Could you return the entire listing below exactly as written?

• [PROVIDED MATERIAL]
=== Section Start ===
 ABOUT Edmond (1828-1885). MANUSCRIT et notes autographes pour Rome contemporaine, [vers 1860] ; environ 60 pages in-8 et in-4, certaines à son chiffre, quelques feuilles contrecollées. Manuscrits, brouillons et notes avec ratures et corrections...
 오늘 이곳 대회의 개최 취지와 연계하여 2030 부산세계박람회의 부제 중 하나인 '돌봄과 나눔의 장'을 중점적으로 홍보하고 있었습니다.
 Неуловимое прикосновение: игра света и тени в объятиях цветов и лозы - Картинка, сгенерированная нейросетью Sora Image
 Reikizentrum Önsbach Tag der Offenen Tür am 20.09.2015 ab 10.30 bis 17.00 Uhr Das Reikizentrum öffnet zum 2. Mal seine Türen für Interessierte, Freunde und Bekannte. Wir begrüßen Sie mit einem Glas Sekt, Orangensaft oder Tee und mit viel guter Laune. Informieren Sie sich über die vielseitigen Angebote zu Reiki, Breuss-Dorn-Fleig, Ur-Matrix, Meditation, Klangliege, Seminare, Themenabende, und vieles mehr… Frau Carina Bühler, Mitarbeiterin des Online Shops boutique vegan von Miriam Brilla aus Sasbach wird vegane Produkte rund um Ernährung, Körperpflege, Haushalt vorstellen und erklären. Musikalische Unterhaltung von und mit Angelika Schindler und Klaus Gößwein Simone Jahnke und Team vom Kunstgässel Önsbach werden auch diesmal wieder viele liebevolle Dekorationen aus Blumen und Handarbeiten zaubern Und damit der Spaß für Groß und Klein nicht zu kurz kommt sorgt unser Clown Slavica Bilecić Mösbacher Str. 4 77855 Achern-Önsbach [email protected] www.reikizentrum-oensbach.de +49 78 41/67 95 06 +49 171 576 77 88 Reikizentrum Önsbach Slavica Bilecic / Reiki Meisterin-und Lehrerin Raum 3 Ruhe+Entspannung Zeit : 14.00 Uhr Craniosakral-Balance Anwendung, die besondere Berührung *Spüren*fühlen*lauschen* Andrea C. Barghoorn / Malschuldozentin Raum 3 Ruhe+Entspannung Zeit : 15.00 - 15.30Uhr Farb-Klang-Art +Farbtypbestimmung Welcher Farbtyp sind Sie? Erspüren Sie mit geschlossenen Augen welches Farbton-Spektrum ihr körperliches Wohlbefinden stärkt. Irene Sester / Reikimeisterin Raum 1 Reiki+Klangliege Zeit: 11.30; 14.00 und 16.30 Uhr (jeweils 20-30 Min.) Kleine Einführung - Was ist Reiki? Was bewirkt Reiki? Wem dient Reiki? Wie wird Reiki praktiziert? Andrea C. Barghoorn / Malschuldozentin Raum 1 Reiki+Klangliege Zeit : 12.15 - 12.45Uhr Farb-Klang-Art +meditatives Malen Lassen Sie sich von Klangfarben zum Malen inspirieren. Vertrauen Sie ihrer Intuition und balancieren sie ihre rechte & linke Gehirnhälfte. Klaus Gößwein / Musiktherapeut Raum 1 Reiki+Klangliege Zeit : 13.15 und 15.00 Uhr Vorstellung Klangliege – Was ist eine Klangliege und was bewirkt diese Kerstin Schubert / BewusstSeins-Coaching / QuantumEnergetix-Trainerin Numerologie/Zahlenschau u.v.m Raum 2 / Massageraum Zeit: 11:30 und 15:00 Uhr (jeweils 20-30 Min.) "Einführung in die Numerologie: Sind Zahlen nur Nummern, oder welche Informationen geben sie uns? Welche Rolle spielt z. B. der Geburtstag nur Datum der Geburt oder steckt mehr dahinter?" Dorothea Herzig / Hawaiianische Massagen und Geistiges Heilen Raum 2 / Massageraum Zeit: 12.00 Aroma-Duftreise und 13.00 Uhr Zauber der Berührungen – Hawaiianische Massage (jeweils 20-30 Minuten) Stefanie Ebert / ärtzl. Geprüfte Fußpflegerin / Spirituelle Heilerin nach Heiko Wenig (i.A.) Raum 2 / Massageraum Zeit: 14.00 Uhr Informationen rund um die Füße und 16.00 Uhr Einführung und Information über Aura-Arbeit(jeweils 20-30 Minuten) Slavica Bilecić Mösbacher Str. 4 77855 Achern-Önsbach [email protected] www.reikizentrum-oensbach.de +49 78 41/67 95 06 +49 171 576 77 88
=== Section End ===
• [SOLUTION TO THE PROBLEM]
 ABOUT Edmond (1828-1885). MANUSCRIT et notes autographes pour Rome contemporaine, [vers 1860] ; environ 60 pages in-8 et in-4, certaines à son chiffre, quelques feuilles contrecollées. Manuscrits, brouillons et notes avec ratures et corrections...
 오늘 이곳 대회의 개최 취지와 연계하여 2030 부산세계박람회의 부제 중 하나인 '돌봄과 나눔의 장'을 중점적으로 홍보하고 있었습니다.
 Неуловимое прикосновение: игра света и тени в объятиях цветов и лозы - Картинка, сгенерированная нейросетью Sora Image
 Reikizentrum Önsbach Tag der Offenen Tür am 20.09.2015 ab 10.30 bis 17.00 Uhr Das Reikizentrum öffnet zum 2. Mal seine Türen für Interessierte, Freunde und Bekannte. Wir begrüßen Sie mit einem Glas Sekt, Orangensaft oder Tee und mit viel guter Laune. Informieren Sie sich über die vielseitigen Angebote zu Reiki, Breuss-Dorn-Fleig, Ur-Matrix, Meditation, Klangliege, Seminare, Themenabende, und vieles mehr… Frau Carina Bühler, Mitarbeiterin des Online Shops boutique vegan von Miriam Brilla aus Sasbach wird vegane Produkte rund um Ernährung, Körperpflege, Haushalt vorstellen und erklären. Musikalische Unterhaltung von und mit Angelika Schindler und Klaus Gößwein Simone Jahnke und Team vom Kunstgässel Önsbach werden auch diesmal wieder viele liebevolle Dekorationen aus Blumen und Handarbeiten zaubern Und damit der Spaß für Groß und Klein nicht zu kurz kommt sorgt unser Clown Slavica Bilecić Mösbacher Str. 4 77855 Achern-Önsbach [email protected] www.reikizentrum-oensbach.de +49 78 41/67 95 06 +49 171 576 77 88 Reikizentrum Önsbach Slavica Bilecic / Reiki Meisterin-und Lehrerin Raum 3 Ruhe+Entspannung Zeit : 14.00 Uhr Craniosakral-Balance Anwendung, die besondere Berührung *Spüren*fühlen*lauschen* Andrea C. Barghoorn / Malschuldozentin Raum 3 Ruhe+Entspannung Zeit : 15.00 - 15.30Uhr Farb-Klang-Art +Farbtypbestimmung Welcher Farbtyp sind Sie? Erspüren Sie mit geschlossenen Augen welches Farbton-Spektrum ihr körperliches Wohlbefinden stärkt. Irene Sester / Reikimeisterin Raum 1 Reiki+Klangliege Zeit: 11.30; 14.00 und 16.30 Uhr (jeweils 20-30 Min.) Kleine Einführung - Was ist Reiki? Was bewirkt Reiki? Wem dient Reiki? Wie wird Reiki praktiziert? Andrea C. Barghoorn / Malschuldozentin Raum 1 Reiki+Klangliege Zeit : 12.15 - 12.45Uhr Farb-Klang-Art +meditatives Malen Lassen Sie sich von Klangfarben zum Malen inspirieren. Vertrauen Sie ihrer Intuition und balancieren sie ihre rechte & linke Gehirnhälfte. Klaus Gößwein / Musiktherapeut Raum 1 Reiki+Klangliege Zeit : 13.15 und 15.00 Uhr Vorstellung Klangliege – Was ist eine Klangliege und was bewirkt diese Kerstin Schubert / BewusstSeins-Coaching / QuantumEnergetix-Trainerin Numerologie/Zahlenschau u.v.m Raum 2 / Massageraum Zeit: 11:30 und 15:00 Uhr (jeweils 20-30 Min.) "Einführung in die Numerologie: Sind Zahlen nur Nummern, oder welche Informationen geben sie uns? Welche Rolle spielt z. B. der Geburtstag nur Datum der Geburt oder steckt mehr dahinter?" Dorothea Herzig / Hawaiianische Massagen und Geistiges Heilen Raum 2 / Massageraum Zeit: 12.00 Aroma-Duftreise und 13.00 Uhr Zauber der Berührungen – Hawaiianische Massage (jeweils 20-30 Minuten) Stefanie Ebert / ärtzl. Geprüfte Fußpflegerin / Spirituelle Heilerin nach Heiko Wenig (i.A.) Raum 2 / Massageraum Zeit: 14.00 Uhr Informationen rund um die Füße und 16.00 Uhr Einführung und Information über Aura-Arbeit(jeweils 20-30 Minuten) Slavica Bilecić Mösbacher Str. 4 77855 Achern-Önsbach [email protected] www.reikizentrum-oensbach.de +49 78 41/67 95 06 +49 171 576 77 88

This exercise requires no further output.